Robinson_crusoe_citationPréface de Michel Déon (membre de l'académie française) :
"Par 80° de longitude ouest et 30° de latitude sud, la carte de l'océan Pacifique identifie l'archipel Juan Fernandez composé de deux îles aux noms singuliers : l'une se nomme Alejandro Selkirk (un nom écossais hispanisé), l'autre Robinson Crusoé, plutôt anglais. Selkirk, après une querelle avec son capitaine, à la schlague avait préféré être abandonné sur une île déserte où il séjourna quatre ans avant qu'on revînt le rapatrier. L'autre île porte le nom d'un personnage de Daniel Defoe qui, depuis trois siècles, occupe notre imaginaire.

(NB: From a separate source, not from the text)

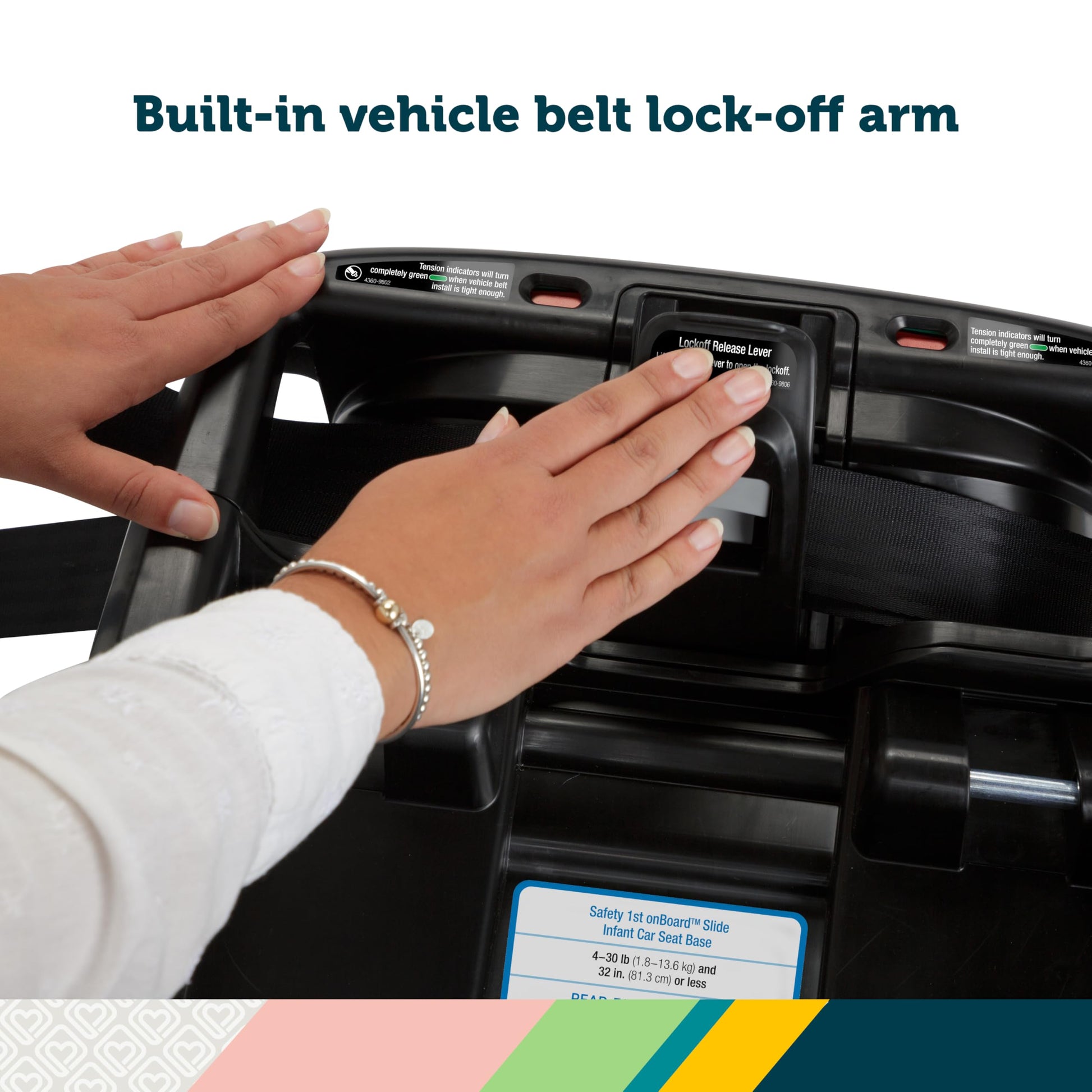 - Q: What safety features does this car seat have? A: The Safety 1st onBoard Slide DLX is rigorously crash and side-impact tested to meet safety standards and includes SecureTech red-to-green indicators to show when the base is locked in place.

Que des mers, des détroits, des archipels perpétuent les noms de ceux qui les ont découverts est assez fréquent, mais qu'une fiction soit assez forte pour s'implanter dans le réel est, tout de même, un cas rarissime. La force - j'allais presque dire l'envoûtement - du roman de Daniel Defoe tient à ce qu'il fascine tous les âges et nous accompagne une vie entière sans que se perde le rêve misanthropique d'y replonger pour nous réfugier dans l'île déserte qu'il a si merveilleusement imaginée.
À dix ans, on ne lit pas les livres, on les vit. Les Aventures de Robinson Crusoé ont nourri beaucoup de rêves de mon enfance. Les ayant plusieurs fois relues au cours d'une longue vie, à chaque occasion, pour la totalité ou quelques pages mémorables, je leur ai découvert sans cesse de nouvelles grâces : une leçon de morale, une leçon de choses, une leçon sur le si fragile destin de l'homme seul menaçant la nature ou menacé par elle. Écrite aujourd'hui, l'aventure de Robinson serait sûrement l'histoire d'un astronaute miraculeusement sain et sauf sur une planète où son aéronef s'est écrasé. La carte du ciel ne mentionne pas cette planète qui a pourtant quelques ressources vitales pour un Terrien désormais seul dans le firmament. Plus modeste, Robinson se contente d'une île déserte, pas un gros caillou dans le ciel, mais une île chérie par la nature qu'il nomme, ingratement, "île de la Désolation".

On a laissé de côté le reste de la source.